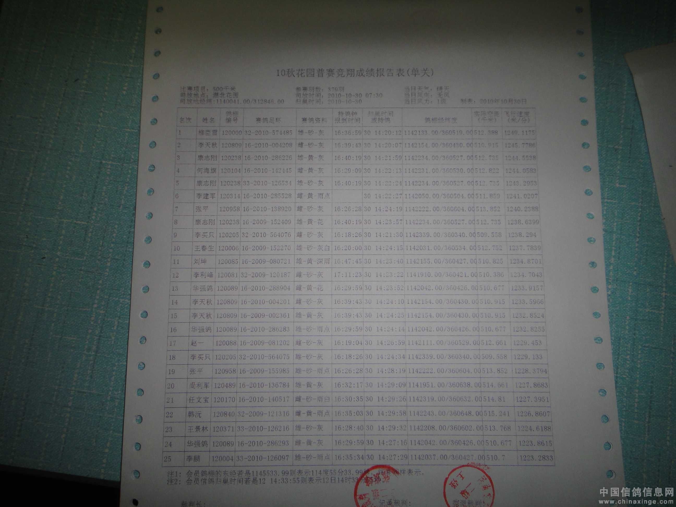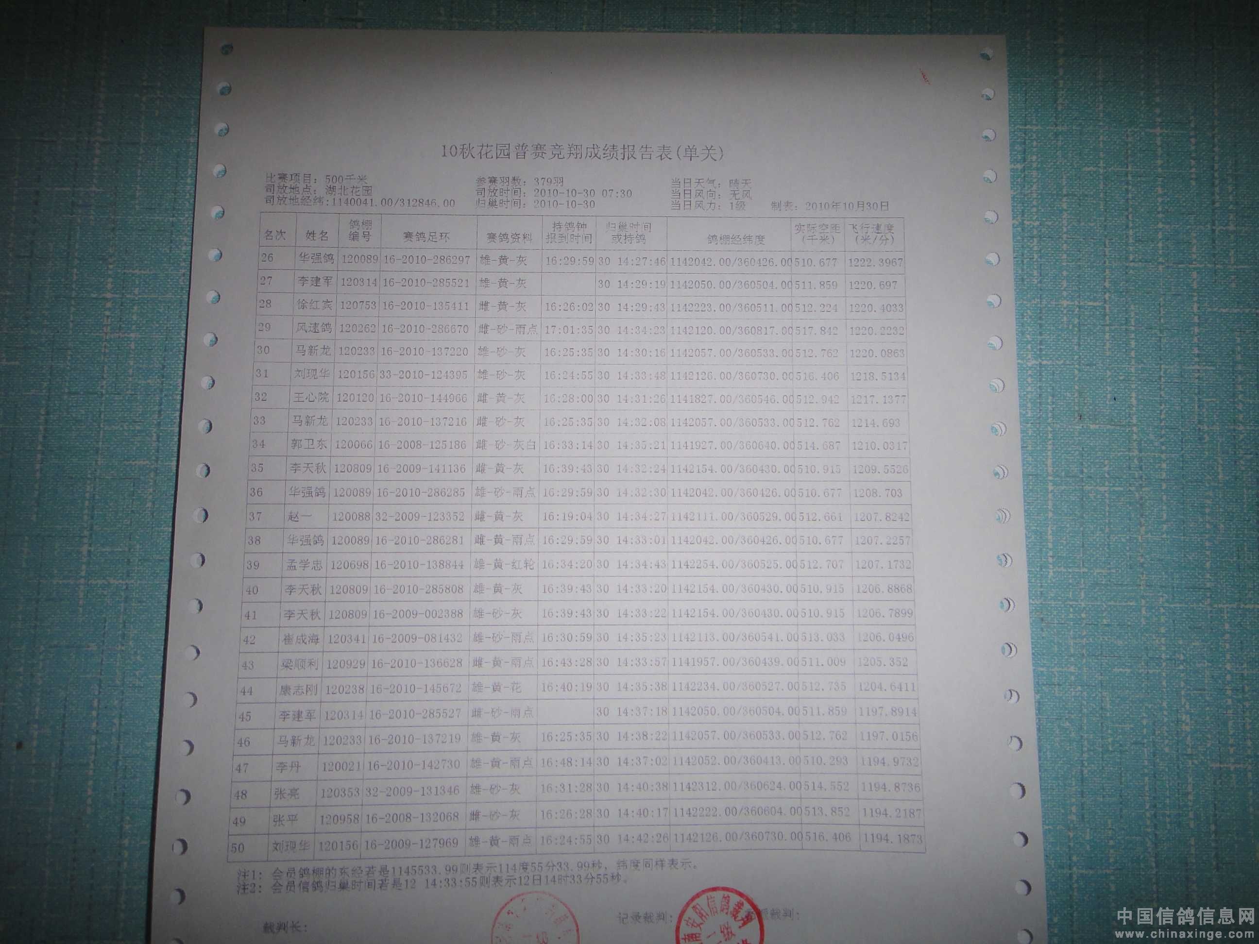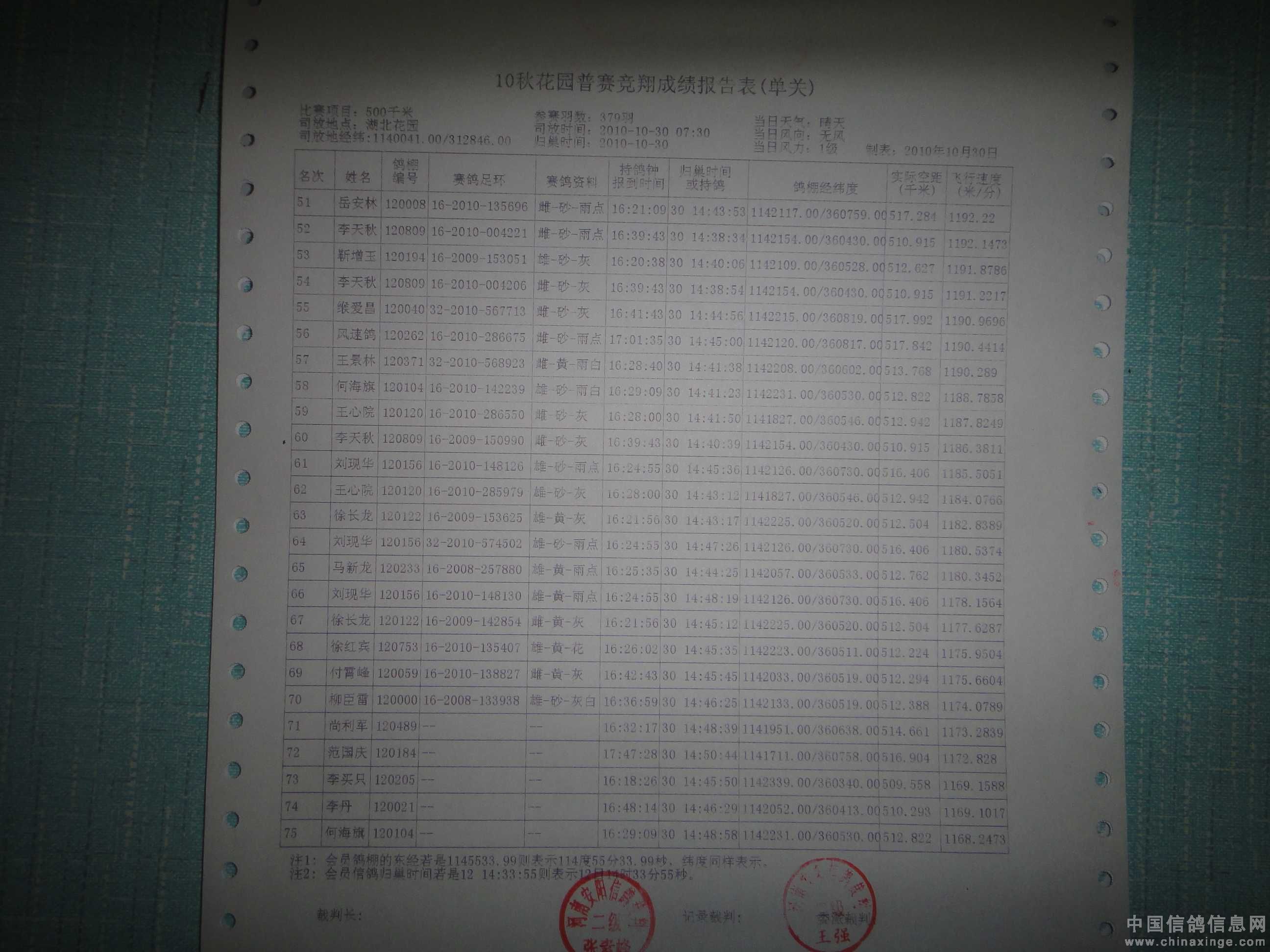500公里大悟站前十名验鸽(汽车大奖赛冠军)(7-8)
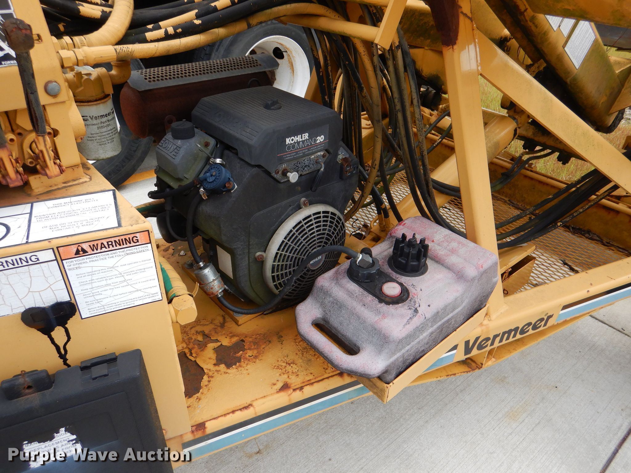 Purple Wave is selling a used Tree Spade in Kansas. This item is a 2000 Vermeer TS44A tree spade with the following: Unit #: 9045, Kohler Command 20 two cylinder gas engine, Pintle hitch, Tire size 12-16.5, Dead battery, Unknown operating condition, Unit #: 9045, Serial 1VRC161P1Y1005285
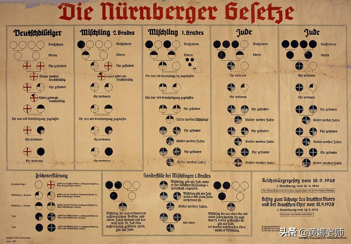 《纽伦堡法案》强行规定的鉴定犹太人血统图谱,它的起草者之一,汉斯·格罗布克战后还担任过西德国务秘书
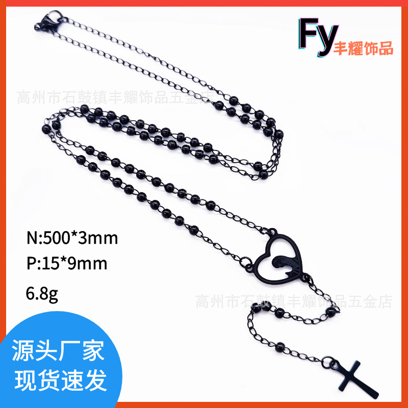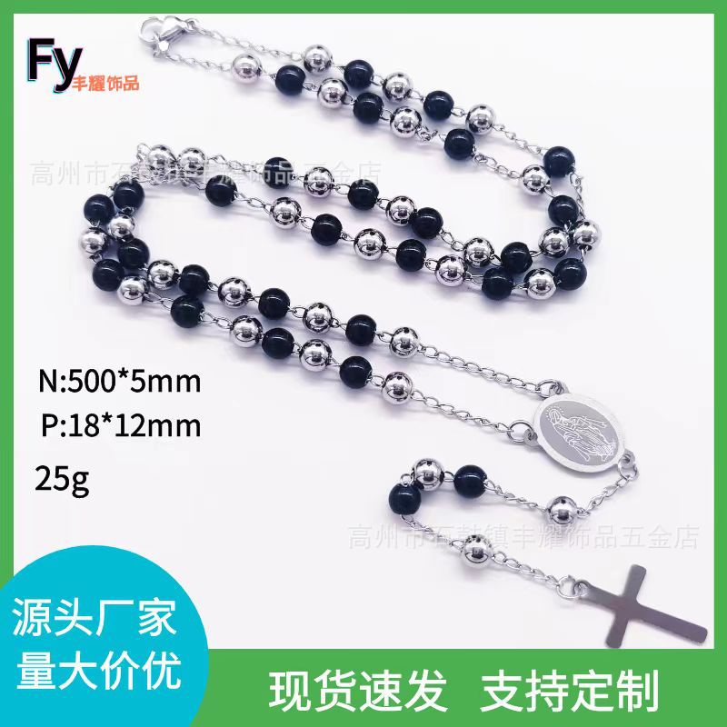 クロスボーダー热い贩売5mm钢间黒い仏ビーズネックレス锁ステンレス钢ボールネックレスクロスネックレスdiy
· · · ·
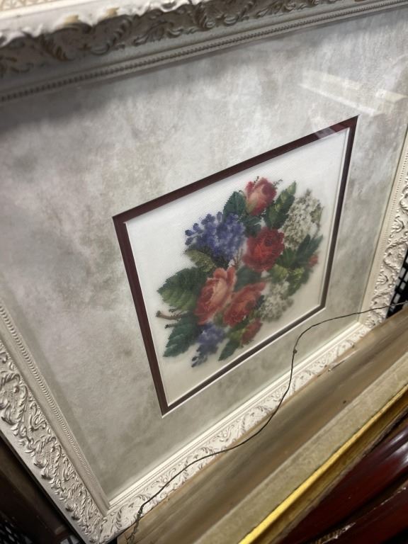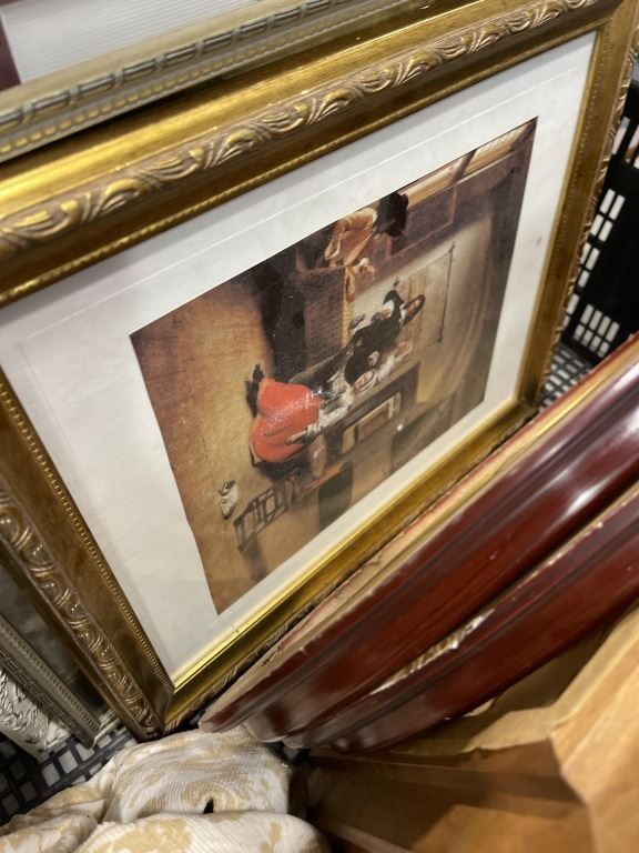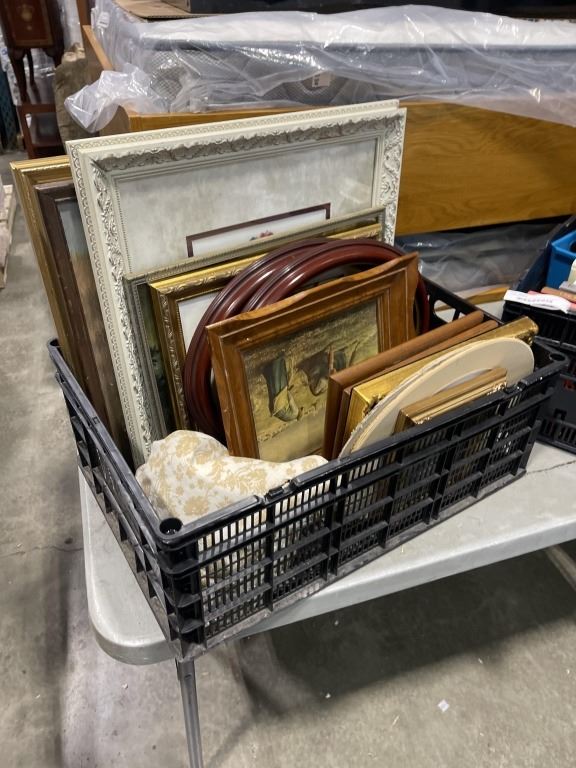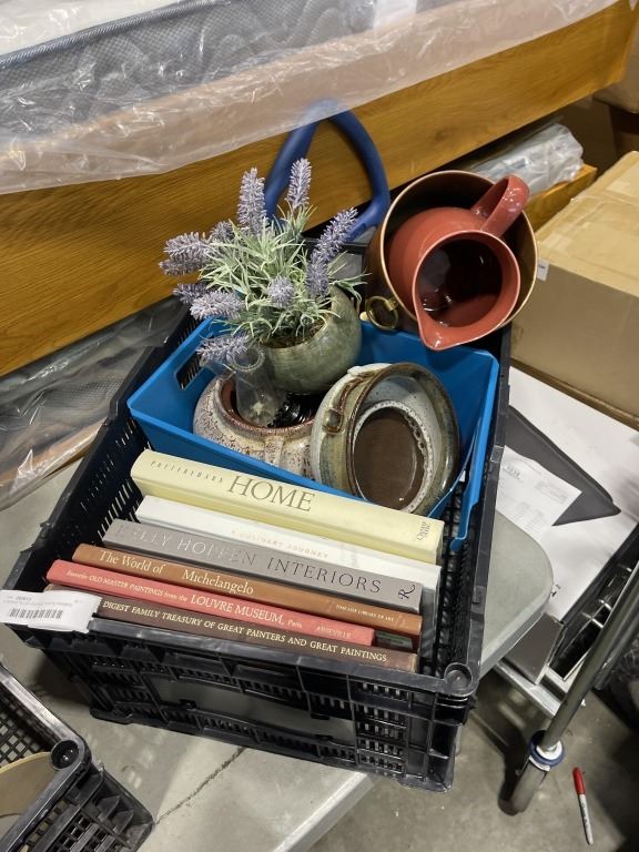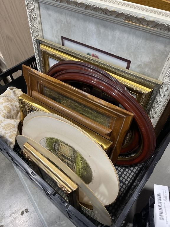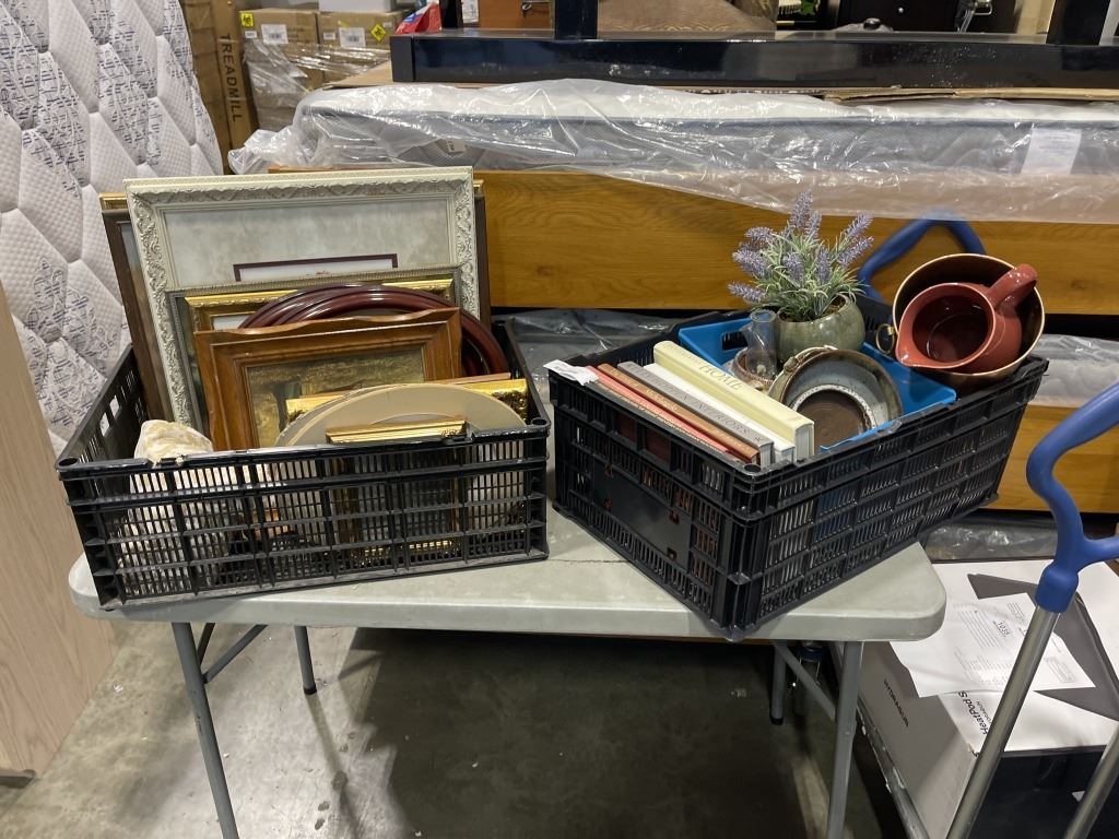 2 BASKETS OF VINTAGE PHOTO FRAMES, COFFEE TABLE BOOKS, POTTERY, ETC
· · · ·
* WHAT IS BEING ASKED *
Give back exactly the lines of the listing above from the one that contains "Purple Wave is" up to and including the one that contains "クロスボーダー热い贩売5mm", but not the pictures, and no other lines.

* OUTPUT *
 Purple Wave is selling a used Tree Spade in Kansas. This item is a 2000 Vermeer TS44A tree spade with the following: Unit #: 9045, Kohler Command 20 two cylinder gas engine, Pintle hitch, Tire size 12-16.5, Dead battery, Unknown operating condition, Unit #: 9045, Serial 1VRC161P1Y1005285
 《纽伦堡法案》强行规定的鉴定犹太人血统图谱,它的起草者之一,汉斯·格罗布克战后还担任过西德国务秘书
 クロスボーダー热い贩売5mm钢间黒い仏ビーズネックレス锁ステンレス钢ボールネックレスクロスネックレスdiy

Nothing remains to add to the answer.